● PROVIDED RECORDS:
Content starts

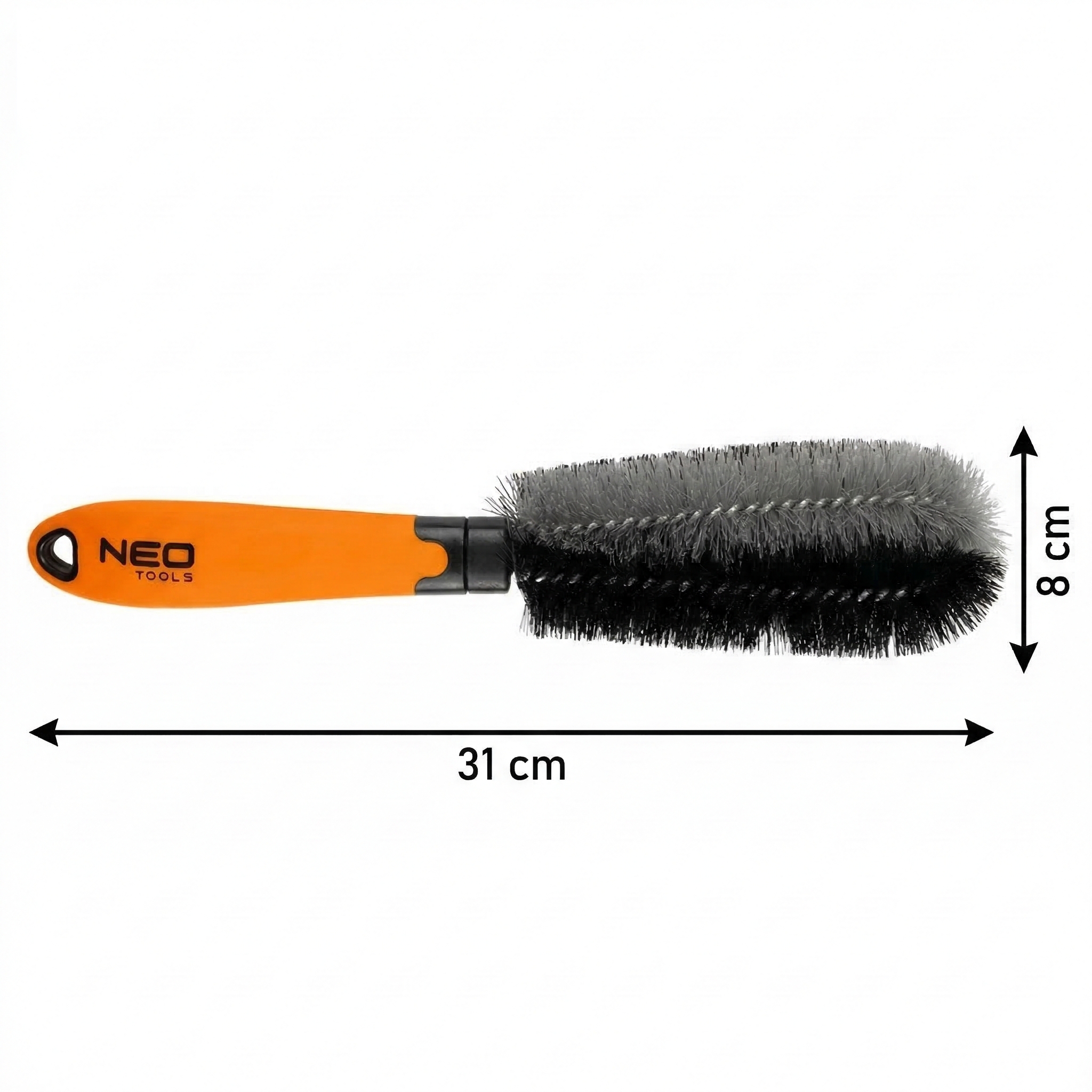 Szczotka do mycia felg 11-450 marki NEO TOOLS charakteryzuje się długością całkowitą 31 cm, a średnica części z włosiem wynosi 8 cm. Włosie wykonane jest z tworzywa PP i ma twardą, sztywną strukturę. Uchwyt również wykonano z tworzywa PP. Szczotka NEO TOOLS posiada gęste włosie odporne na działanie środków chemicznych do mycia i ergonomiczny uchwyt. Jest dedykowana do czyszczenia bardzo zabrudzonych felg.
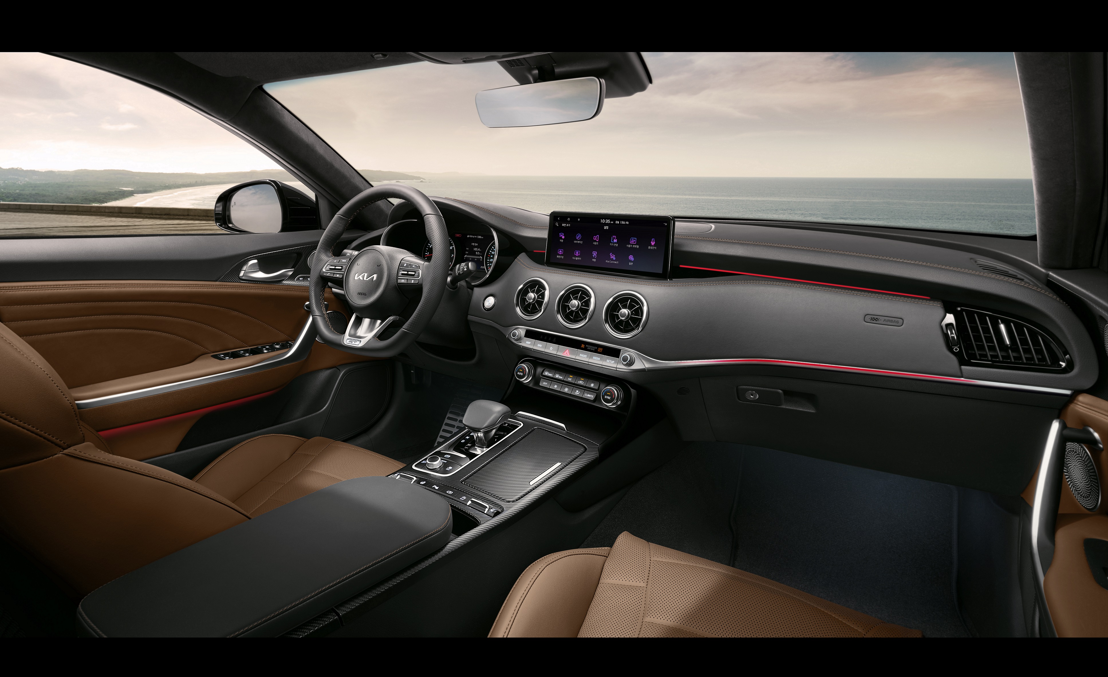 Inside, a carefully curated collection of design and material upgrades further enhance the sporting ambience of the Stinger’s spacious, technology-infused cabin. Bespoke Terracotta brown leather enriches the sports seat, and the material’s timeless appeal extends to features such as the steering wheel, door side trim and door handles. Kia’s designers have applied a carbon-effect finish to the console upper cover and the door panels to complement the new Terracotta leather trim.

Content ends
Content starts

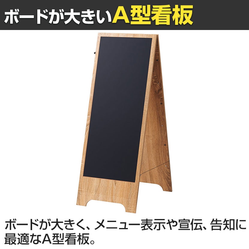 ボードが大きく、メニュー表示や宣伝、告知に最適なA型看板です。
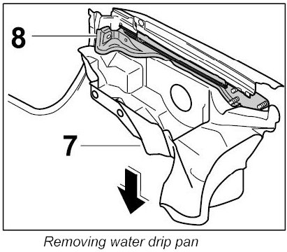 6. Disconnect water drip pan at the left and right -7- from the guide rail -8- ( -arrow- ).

Content ends

● DIRECTIONS FOR THIS TASK: Look through the material above. Transcribe exactly the lines between the ones with "Szczotka do mycia" and "Inside, a carefully", inclusive, and keep pictures out.

● ANSWER TO THIS TASK:
 Szczotka do mycia felg 11-450 marki NEO TOOLS charakteryzuje się długością całkowitą 31 cm, a średnica części z włosiem wynosi 8 cm. Włosie wykonane jest z tworzywa PP i ma twardą, sztywną strukturę. Uchwyt również wykonano z tworzywa PP. Szczotka NEO TOOLS posiada gęste włosie odporne na działanie środków chemicznych do mycia i ergonomiczny uchwyt. Jest dedykowana do czyszczenia bardzo zabrudzonych felg.
 Inside, a carefully curated collection of design and material upgrades further enhance the sporting ambience of the Stinger’s spacious, technology-infused cabin. Bespoke Terracotta brown leather enriches the sports seat, and the material’s timeless appeal extends to features such as the steering wheel, door side trim and door handles. Kia’s designers have applied a carbon-effect finish to the console upper cover and the door panels to complement the new Terracotta leather trim.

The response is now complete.